"Keren banget Sin. Emang Farel pantes dapat pukulan itu dari lo. Di sini mana ada yang berani. Gue dukung lo Sin. I'm support you, darling."
Kejadian menghebohkan terjadi tadi pagi di kelas IPA I, nama Farel menjadi tumbang oleh gadis yang berstatus sebagai murid baru di SMA Nusa Bangsa.
Tepat di wajah Farel terdapat tamparan bekas sepatu. Pipinya berubah merah padam lebih tepatnya merah keungu-unguan. Sementara matanya seperti bajak laut--sebelah matanya ikut lebam.
Saat ini banyak orang yang memenuhi ruang kelas Sina. Sedang Farel masih terkapar di lantai dibantu Didi yang ikut meringis melihat wajah tampan pria itu berubah mengerikan.
Mata Sina basah. Dia bisa melawan?
Lo budek? Congean telinga lo?
Bangun goblok, lawan mereka! Kalo diem aja mereka akan terus menjadi buat mainin lo. Tendang kek apa kek.Suara-suara itu muncul lagi. Tapi Sina merasakan kelegaan setelah memberi pelajaran pada cowok itu.
"Rel, lo gak apa-apa? Lo baik-baik aja kan?"
"Eh, lo kira-kira kalo mukul dong. Muka Farel jadi bengkak gini. Wah, kalo bokapnya tau bisa abis lo!" Didi membantu Farel berdiri lalu membawanya keluar dari kelas menakutkan itu. Semua pasang mata mentertawakan wajah Farel yang terdapat tamparan bekas sepatu miliknya sendiri.
"Tobat Rel, jangan suka nindas kaum lemah lagi. Noh sekarang udah ada yang bisa ngelawan Lo."
"Semoga cepat berubah ya TUAN FAREl!"
"Wah, kayaknya muka lo kudu dioperasi deh.
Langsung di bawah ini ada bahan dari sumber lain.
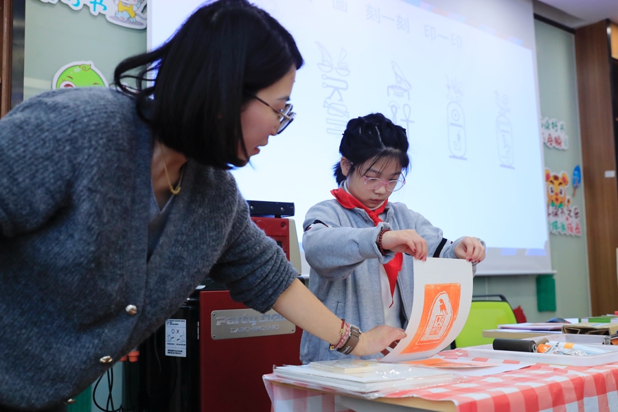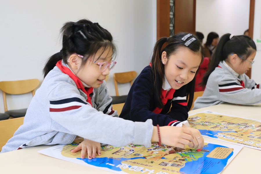 四年级学生沈歆瑶对莎草纸最感兴趣,“讲解员说的莎草纸上的故事很有趣”。从二楼展厅出来,学生们又奔向四楼,体验艺术手工《来自古埃及的召唤》以及游戏《尼罗河大冒险》。上博教育部工作人员顾婧介绍,古埃及国王一共拥有五个名字,分别是荷鲁斯名、两女神名、金荷鲁斯名、上下埃及之王名以及拉神之子名,孩子们可以体验用版画的形式去创作埃及的王名。由上博设计的手绘游戏图《尼罗河大冒险》,玩法类似“大富翁”,玩家可以从罗塞塔出发,在尼罗河上展开冒险之旅,直面狮身人面像,走进金字塔,认识古埃及众神。

Parah banget bengkaknya."
Suara-suara mereka sudah tak terdengar ketika Farel sudah berada di UKS.
Dua jam mendapat perawatan akhirnya dokter menyarankan agar Farel untuk dibawa kerumah sakit. Pukulan Sina berdampak serius pada sebelah mata Farel.
***
Sepulang sekolah Sina mampir ke pasar untuk membeli bahan makanan nanti malam. Nesa memang rutin menyuruh Sina untuk berbelanja akan kebutuhan dapur.
Ia memilah buah-buahan segar di salah satu pedagang. Pria itu tersenyum ke arah Sina.
"Mau berapa kilo, Neng?" tanya pria paruh baya pada Sina.
"Dua kilo aja, Pak."
"Minta duit dong, Bu. Ntar malam Lia mau gabung parti sama kakak kelas Lia."
Sina mendelik ke arah sumber suara. Ia melihat Lia--adik kelasnya di sekolah lama memaksa ibunya untuk memberikannya uang. Dia adalah satu-satunya adik kelas yang dulu pernah ikut membulinya.
Wanita dengan sebagian rambut yang sudah beruban itu mengusap peluh keringat di dahinya. Ia menolak Lia secara halus dengan memberitahukan daganannya belum ada penglaris satu pun.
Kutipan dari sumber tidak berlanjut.